Information architecture concept

It’s a very important concept within UX/UI/product. For engineering it’s another concept, it’s much more connected to data modeling. In our framework, we try to use the same names for the same things, and that way we ensure that communication flows in a much smoother way. This doesn’t mean that all the problems go away, but it reduces attrition.

Development nowadays

Right now, there are a lot of people who didn’t study Computer Engineering, and who can program and can make apps. What’s the difference? What impact does it have?

This will be felt more and more, so Diogo Cunha believes that our framework comes at a very good time. Someone will be needed to help these new programmers  with something you can’t learn except with practice or with a lot of classes: logical systems thinking.

Systems thinking

If you take computer engineering at university, they basically erase everything you know and rebuild your worldview.

You start thinking about problems within problems within problems, until you get to the problem you can solve. And then you start solving them all. You start to think that everything is an interconnected system. A good programmer has to have logical systems thinking.

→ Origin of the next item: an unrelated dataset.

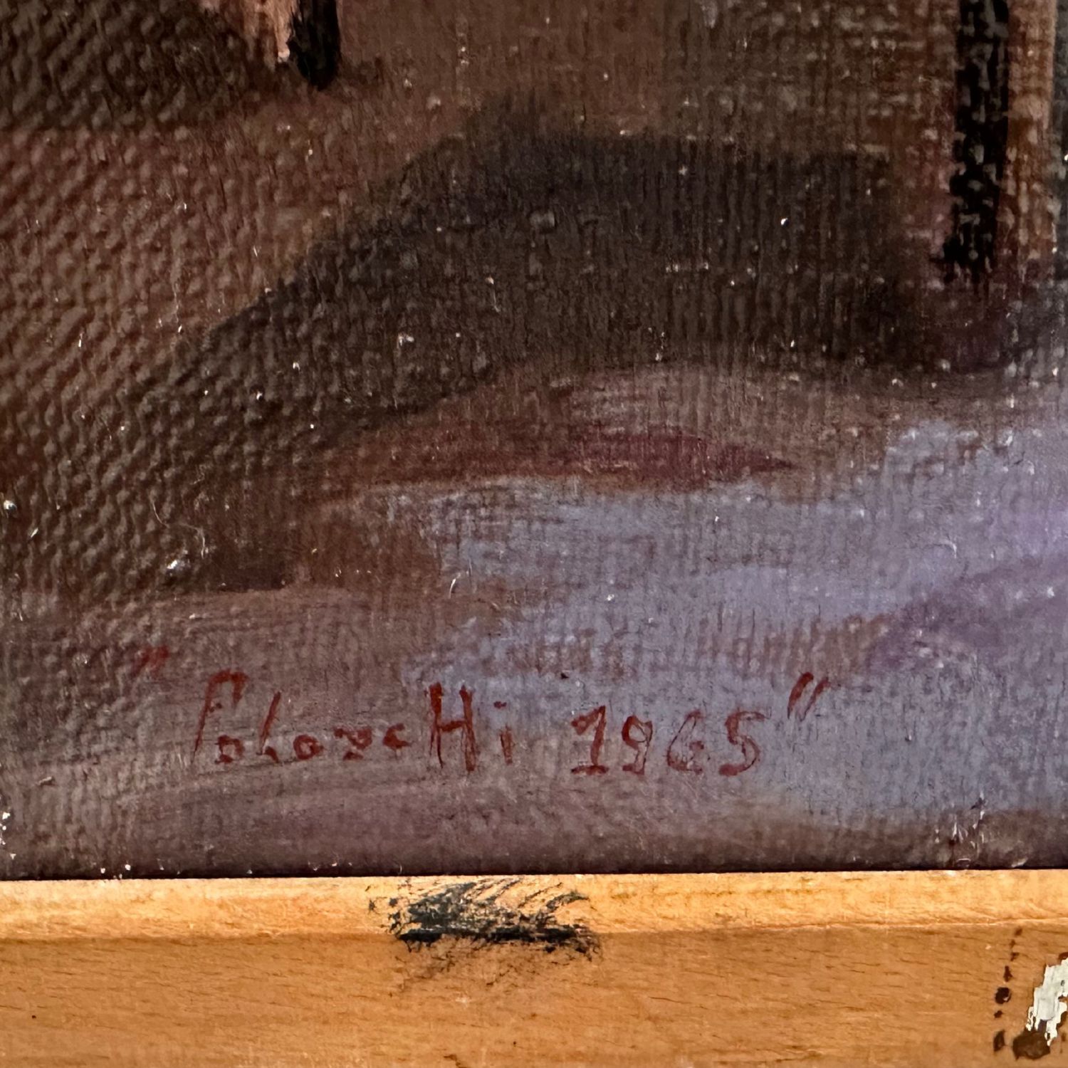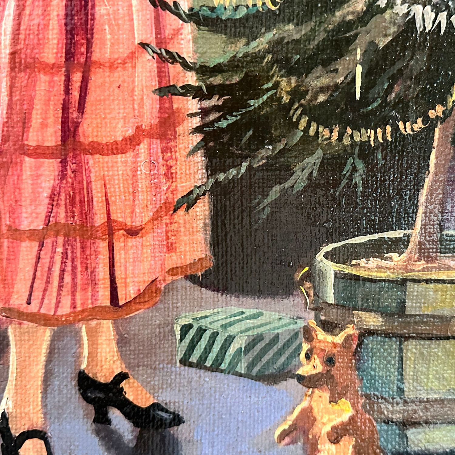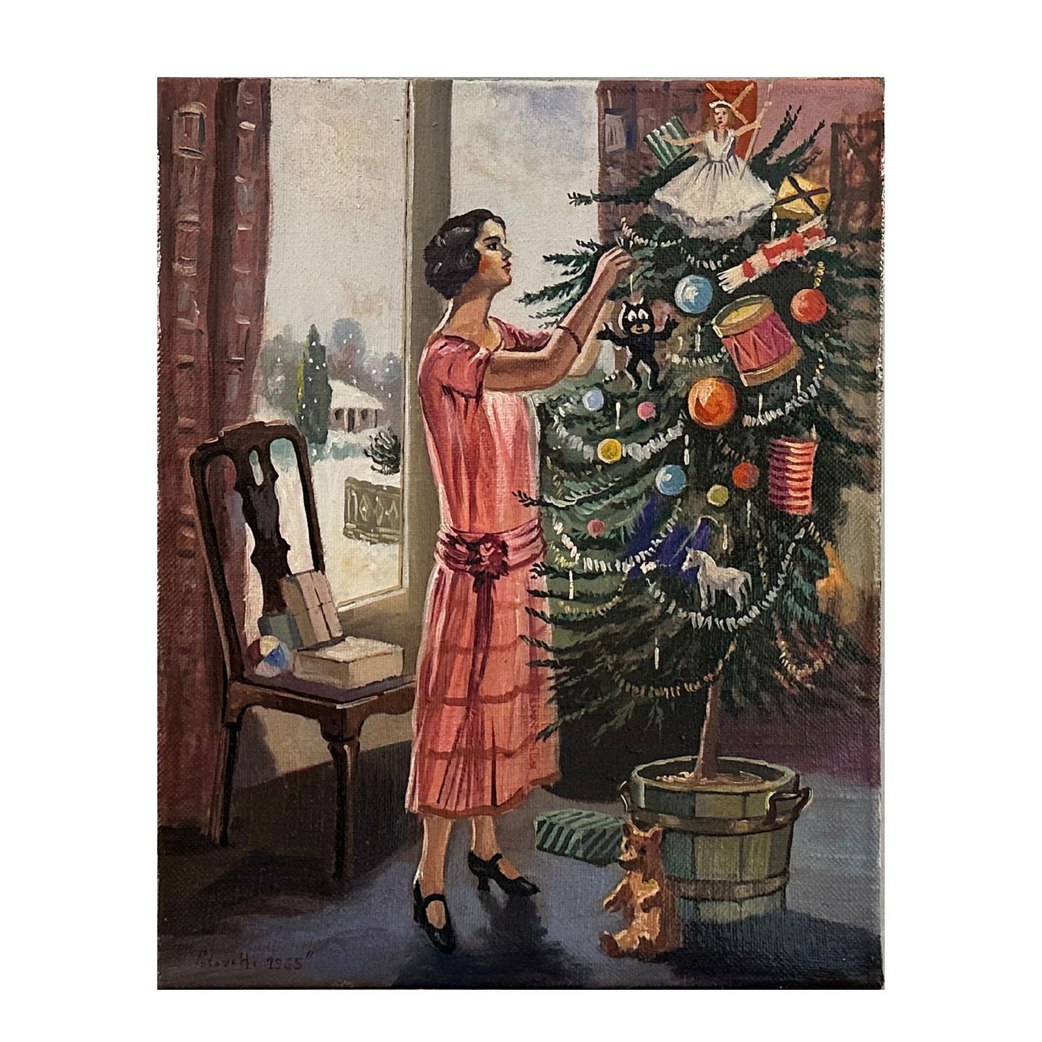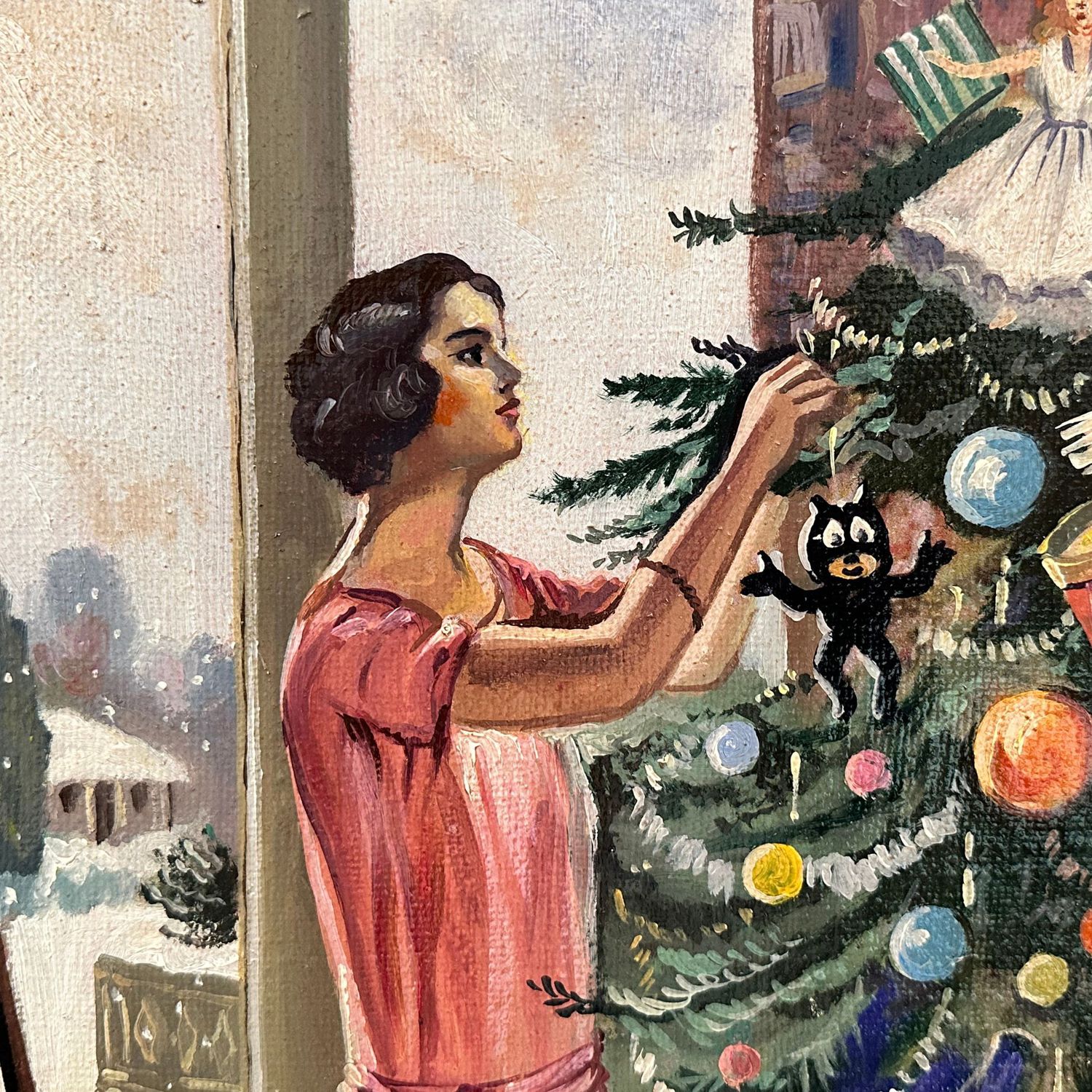 Dipinto olio su tela scuola Europea periodo 1965 raffigurante Le decorazioni natalizie.

There are things that only come later with experience, for a developer who has no training. But it’s inevitable that they have to get there. Don’t ever think that once you know how to code, the challenge is over. The challenge is to build systems.

Early career

People can differentiate themselves in posture, presentation, behavior. Everything technical is learned. It’s not difficult to learn a new language, it just takes discipline. 

On average, people who have had at least 2 years of experience should know some of the basics. But it doesn’t mean that someone entering the job market doesn’t have that level also. This is why most of the time we ask for 2 years experience in our job listings.

But the most important thing is that to get into Bliss, the applicants talk to about 4 different people and the technical part is just a small percentage of what matters. The part of values, which is not taught, is much more important. Those are the things you learn through life.

Weight of certification for a junior

In 3 months you can learn an introduction to anything, which goes to show that everything technical can be taught and learned. Since 2021 we’ve been doing our own academies. We’re hiring people who are finishing their degree, who are changing their field and are doing a technical course.

Remote work at Bliss

Being remote or not isn’t really what matters to us. We’re interested in the way you work and your attitude towards life and work.

Each person’s behavior dictates how the Bliss-worker relationship will develop.

Diogo Cunha’s background

Our CTO got into Computer Engineering a little bit by accident. At the time it was called Information and Multimedia Engineering and Systems. In the middle of the course, luckily, they changed the name to Computer Science and Engineering. Diogo finished his degree at Instituto Superior Técnico, where they force you to work really hard.

Not being a great student, it took him 8 years to finish a course that was supposed to be 5.

In the 5th year of university, he joined an agency to be a part-time developer so that his experience on the CV would start at the same time as his peers.

Diogo did his master thesis in a consulting company. After 6 months working there, he realized that the routine was not going to change and decided to give it a break. He went to Southeast Asia for 3 months backpacking on his own, to do different things.

After returning he worked for a couple of years in an agency and then moved to the Netherlands to work. After a year working in the Netherlands his employers approached him to open up a company in Portugal and in less than 6 months the Dutch company development team was completely replaced by the Portuguese team with less than half of the elements. After 5 years this Portuguese company was bought by Bliss and Diogo started on his current role as CTO for Bliss. As Bliss CTO, his biggest goal is to ensure that our service achieves the desired quality.